Не знаю, стану ли я писать в газеты, но разговор вот зафиксировал. Впрочем, скорее по просьбе друзей, они попросили сделать что-то вроде путевого дневника и поэтому, я просто излагаю все как есть.
О деревне Инсмуть, которую скрывают древние сибирские леса, я узнал практически случайно. На волне своего интереса к ранним генетическим исследованиям, еще в студенческие годы, я познакомился с трудами биолога Иванова. Этот выдающийся исследователь поставил задачу скрестить человека и гориллу, дабы вывести «сверхрасу». Конечно, эта история многим знакома, но мы (через каналы, о которых я не имею права сообщить) вызнали точное место, где проводились исследования. Там мы желали найти хоть какие-то доказательства возможных успехов Иванова. С небольшой группой рисковых изыскателей-авантюристов мы отправились в этот нелегкий путь, в далекое странствие, в деревню Инсмуть.
Мы решили не ехать летом из-за мошкары. Как я успел узнать: очень много в этом году в лесу было лосиной мухи, или оленьей кровососки (Lipoptena cervi), вы, верно, и не знаете такую. Она как только попадает на тело млекопитающего, сбрасывает крылья и начинает быстро ползать по всему телу, щекотно и противно. Я с ней уже сталкивался еще в том году и мне это знакомство не понравилось. В принципе нам она не опасна и нашу кровь она пить не должна, так как на теле человека не может закончить свой жизненный цикл. Но я заметил, что если ее обнаруживаешь только на следующий день, то кровушки она уже насосалась. Крови не жалко, но уж больно она на вид противная, плоская, жесткая, раздавить очень трудно, лапки цепкие, на клеща похожа, но крупнее. В лесу местами они нападали прямо стаями, приходилось буквально отбиваться, дома снимали с одежды штук по 10 - 15. Вряд ли кому-то из членов нашей группы это бы понравилось.

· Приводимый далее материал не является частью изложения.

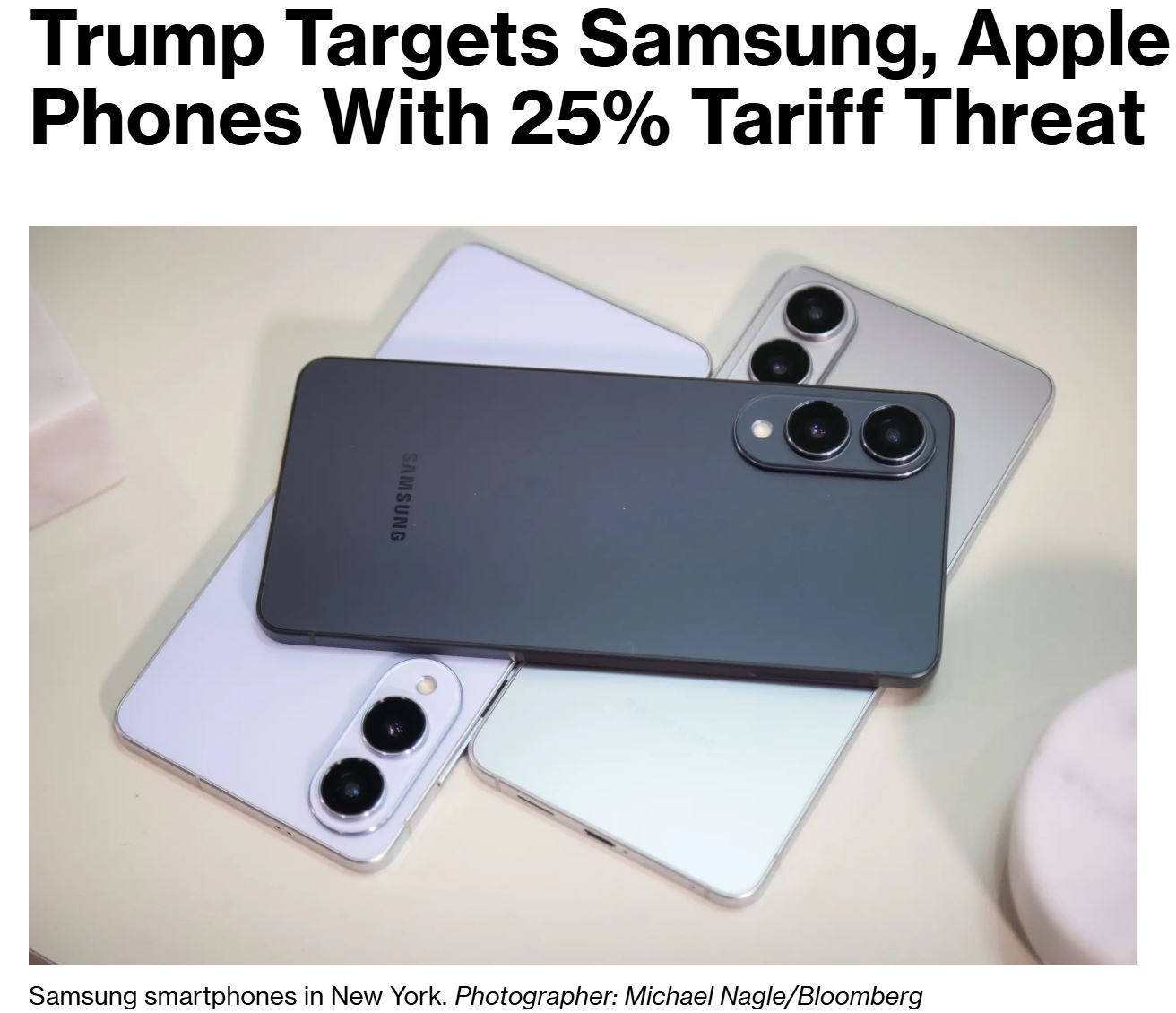 同樣是在23日,特朗普還威脅說,凡是在國外制造并在美國銷售的蘋果手機(jī),都應(yīng)該被征收至少25%的關(guān)稅。韓國三星電子公司和其他生產(chǎn)手機(jī)的企業(yè)也將面臨美國的關(guān)稅。相關(guān)政策預(yù)計(jì)從6月底開始實(shí)施。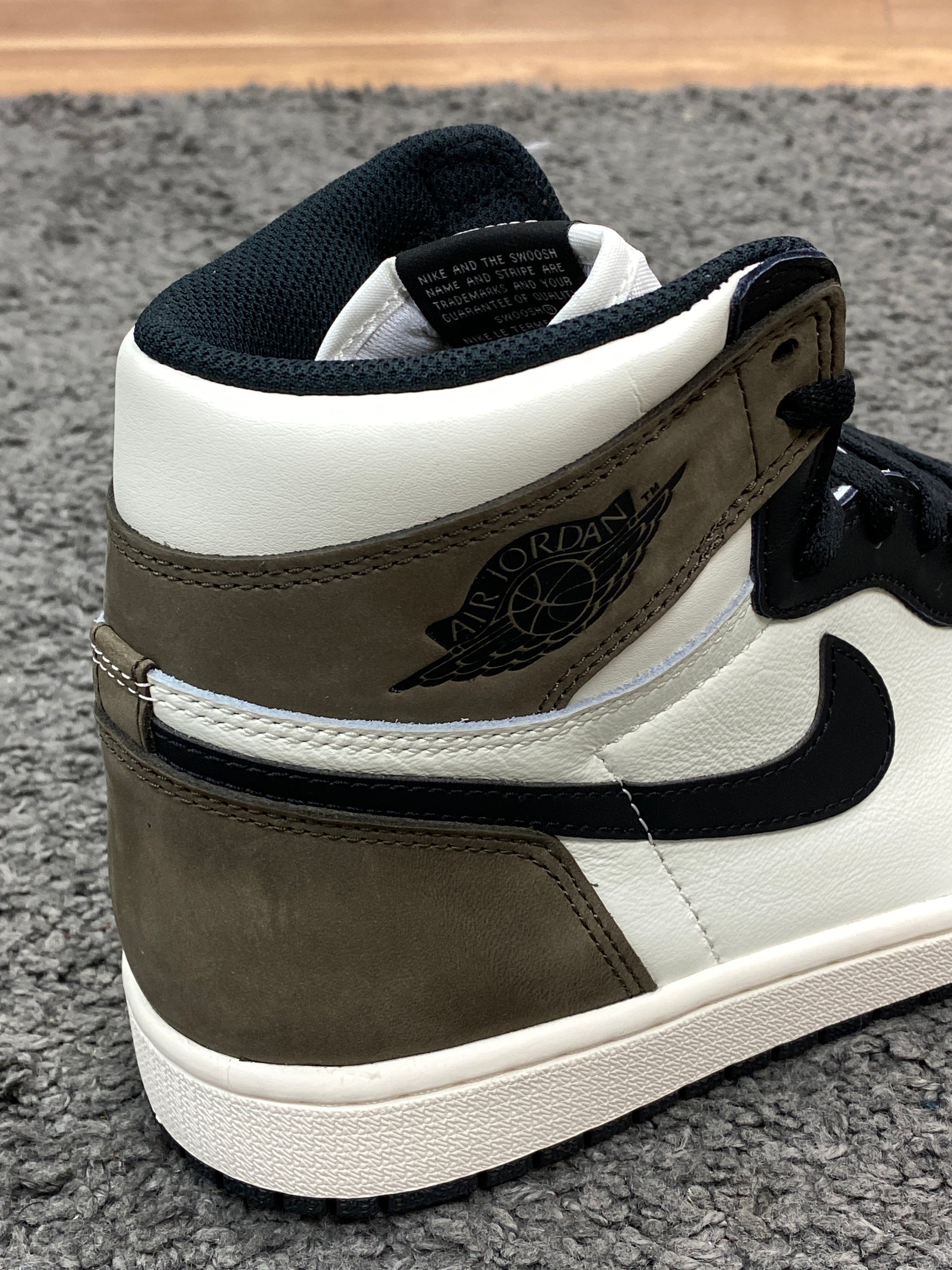 Seen here in a clean Dark Mocha colourway that’s heavily reminiscent of Travis Scott's highly in-demand collaboration, the Air Jordan 1 looks better than ever crafted from genuine nubuck leather and premium brushed suede. Nike’s iconic Swoosh logo runs neatly down each side, while Nike Air branding and the Wings logo remain at the tongue and collar respectively. The brown and black tones are neatly balanced with white panels for a well-considered colourway. The toe box is perforated in classic Michael Jordan fashion, while black leather accents give off a black toe vibe for a classic look.
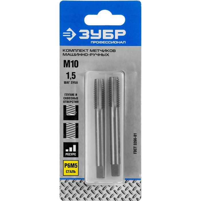 Комплект машинно-ручных метчиков сталь Р6М5 Профессионал ЗУБР М10 x 1.5 мм 4-28007-10-1.5-H2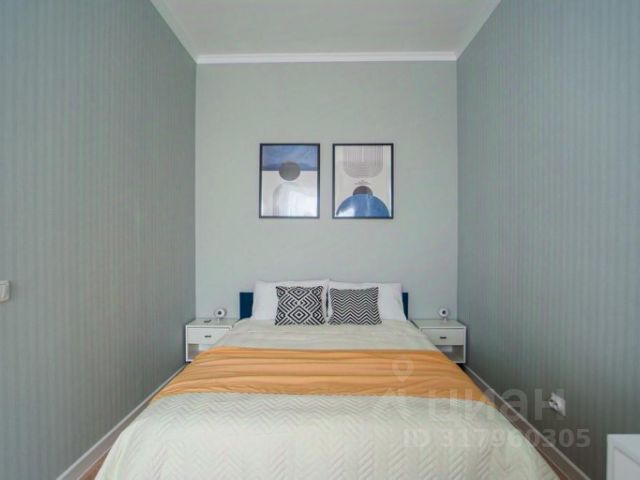 В квартире , комната 20 кв м разделена зонированием на две части .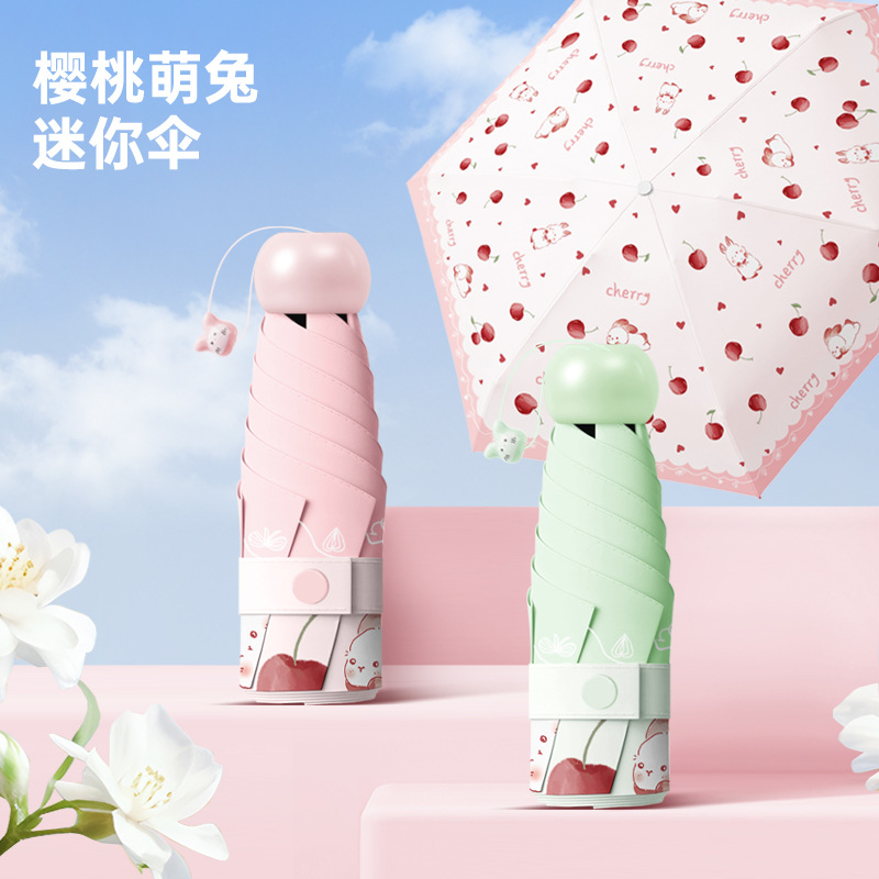 ミニ五つ折りかわいいさくらんぼ萌え兎黒ゴム日焼け止め晴れ雨両用傘女日傘印字メーカー現物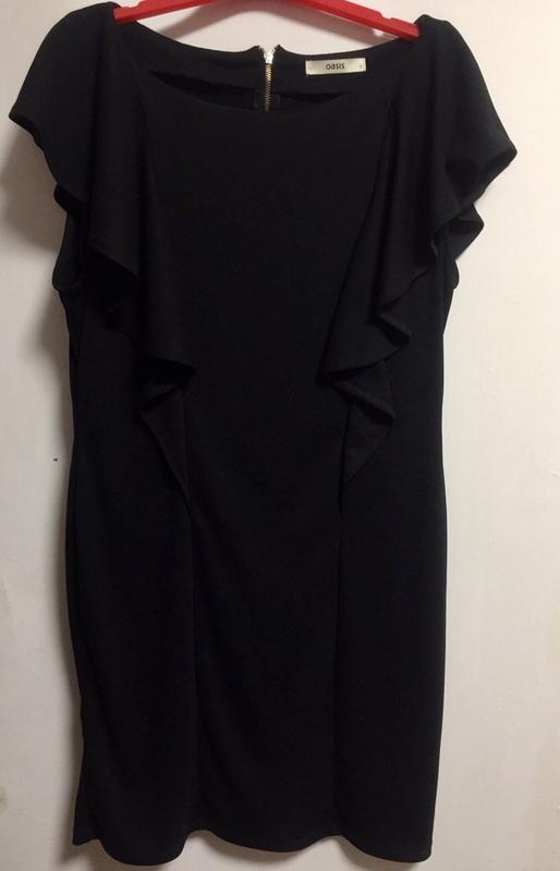 Изящное чёрное платье с рюшами. Подойдёт для любого случая. Материал приятный к телу. Состояние идеальное. Размер 40/42. Бренд Oasis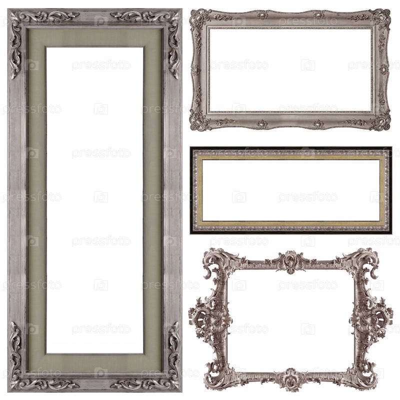 Набор серебряных рам для картин, зеркал или фотографий, изолированных на белом фоне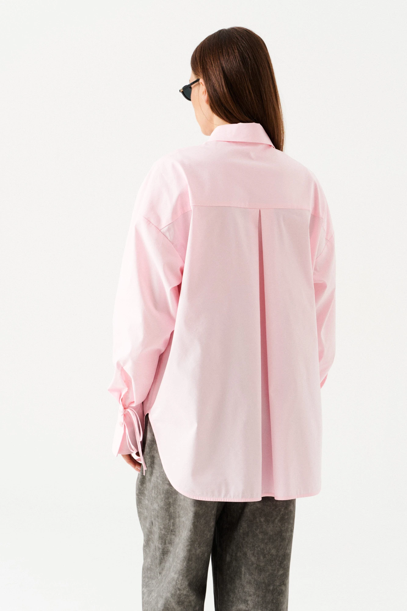 Блузка-рубашка, прямая, свободная, со спущенным плечом, с центральной застежкой на петли и пуговицы на завязках. Воротник рубашечный, отложной, на притачной стойке. Спинка с отрезной кокеткой, встречной складкой по шву притачивания кокетки. Линия низа – фигурная. Рукав втачной, длинный, с отрезной манжетой, застежкой на петли и пуговицы на завязках.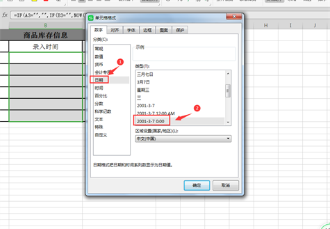 5、为录入时间设置单元格格式-日期-选择想要的时间格式,点击确认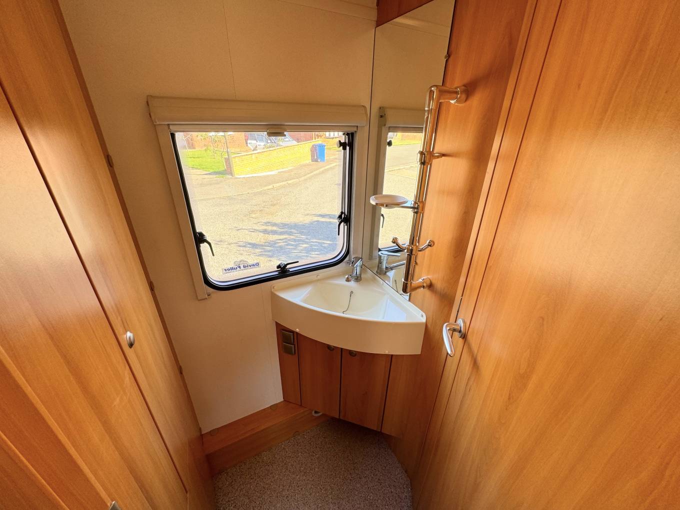 The rear washroom offers a separate shower, toilet cassette, hand wash basin, and large wardrobe. For added privacy, the door closes off the living area, creating a private dressing room.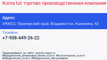 Kurna-tut, торгово-производственная компания по адресу 690012, Приморский край, Владивосток, Калинина, 42 в дальнейшем Организация, размещена в следующих категориях: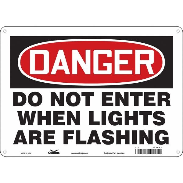 Safety Sign, Horizontal Rectangle, Number of Printed Sides 1, English, Sign Format Traditional OSHA, Sign Legend Do Not Enter When Lights Are Flashing, Sign Legend Background Color White, Sign Legend Style Text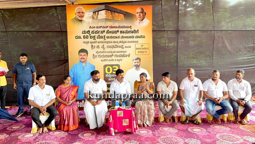 ಕುಂದಾಪುರ: ತಾಲೂಕಿನ ಬೆಳ್ಳಾಲ, ನಾಡ ಹಾಗೂ 74 ಉಳ್ಳೂರು ಗ್ರಾಮದಲ್ಲಿ “PMJANMAN” ಯೋಜನೆಯಡಿ ಸುಮಾರು ರೂ. 1.80 ಕೋಟಿ ಅನುದಾನದಲ್ಲಿ ನಿರ್ಮಿಸಲು ಉದ್ದೇಶಿಸಿರುವ “Multi Purpose Center (MPC)” ಕಾಮಗಾರಿಗಳಿಗೆ ಸಂಸದ ಬಿ.ವೈ ರಾಘವೇಂದ್ರ ಅವರು ಗುರುವಾರದಂದು ಶಂಕು ಸ್ಥಾಪನೆ ನೆರವೇರಿಸಿದರು.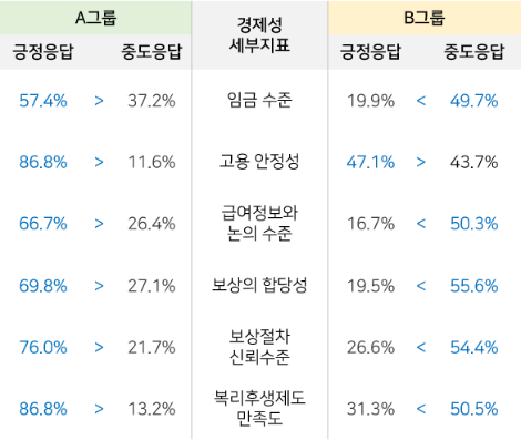 A그룹은 경제성 영역에서 모두 긍정응답이 우세한 반면, B그룹은 고용 안정성을 제외하고 긍정응답보다는 중도응답이 우세했습니다.
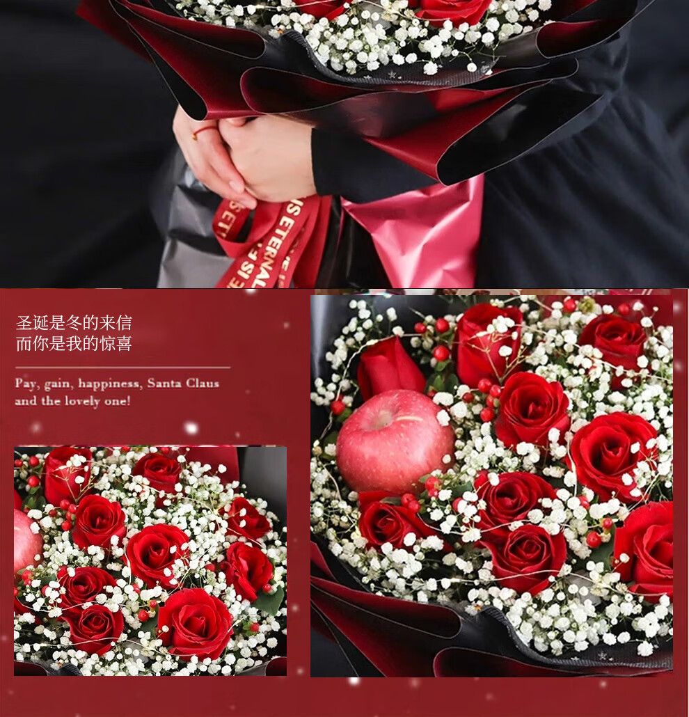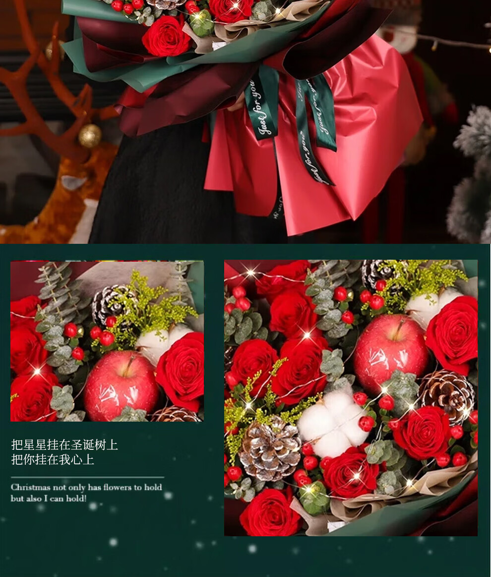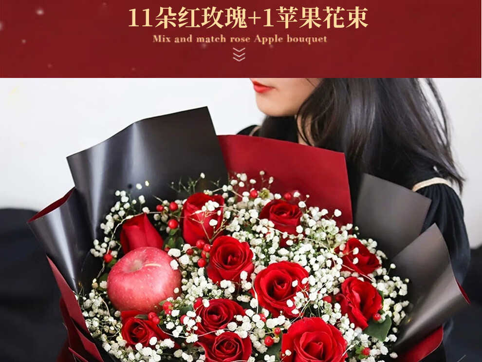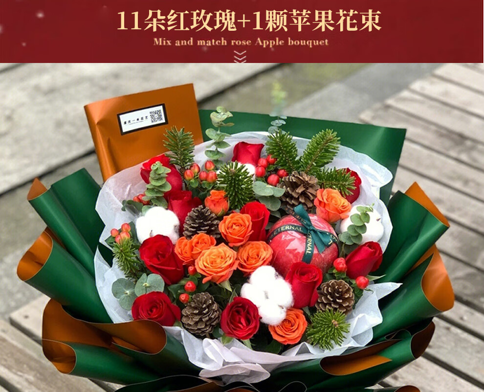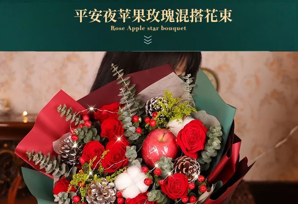 Youke Jade Christmas Eve Flower Express Red Rose Bouquet Apple Gift Box for Girlfriend Gift Nationwide Delivery Red Rose Apple Mixed Bouquet Christmas Surprise

Дорога заняла немало времени. Нам пришлось ехать на поезде, идти пешком, лететь на самолете, ехать на санях, скакать на лошадях, плыть на лодке и даже спуститься в метро. Олени не раз ломали копыта и рога в снегах Сибири. Конечно, не все из нас добрались даже до Новсибирска, но те храбрые, кто достиг села Калдырского, последнего пункта, где мы запасались провизией и закупили патронов перед Инсмутью, держались до последнего. Великим счастьем явилось для нас появление человека из Инсмути, которого мы встретили в Калдырском, имя его Богдан. Этот молодой человек сделался нашим проводником и даже помог с перевозкой провизии в его уазике. Богдан приехал в Инсмуть лишь неделю назад, унаследовав дом от бабушки. Там он решил осесть и заняться фермерством. Как мы поняли, Богдан не знал, что происходило в деревне в прошлом или не хотел говорить об этом: в любом случае - его не смущала таинственность этого места.
Дальнейшая дорога до Инсмути скорее напоминала накатанную просеку с плохо утоптанным снегом. Наши машины не раз застревали и это сильно замедляло дорогу. Не раз нас выручал уазик Богдана. Сотовая связь пропала еще до Калдырского, а ближе к Инсмути даже радиоприемник в машине стал борохлить, выдавая какие-то странные коленца или шипение, так что его не стало возможным слушать. К вечеру мы, однако, добрались.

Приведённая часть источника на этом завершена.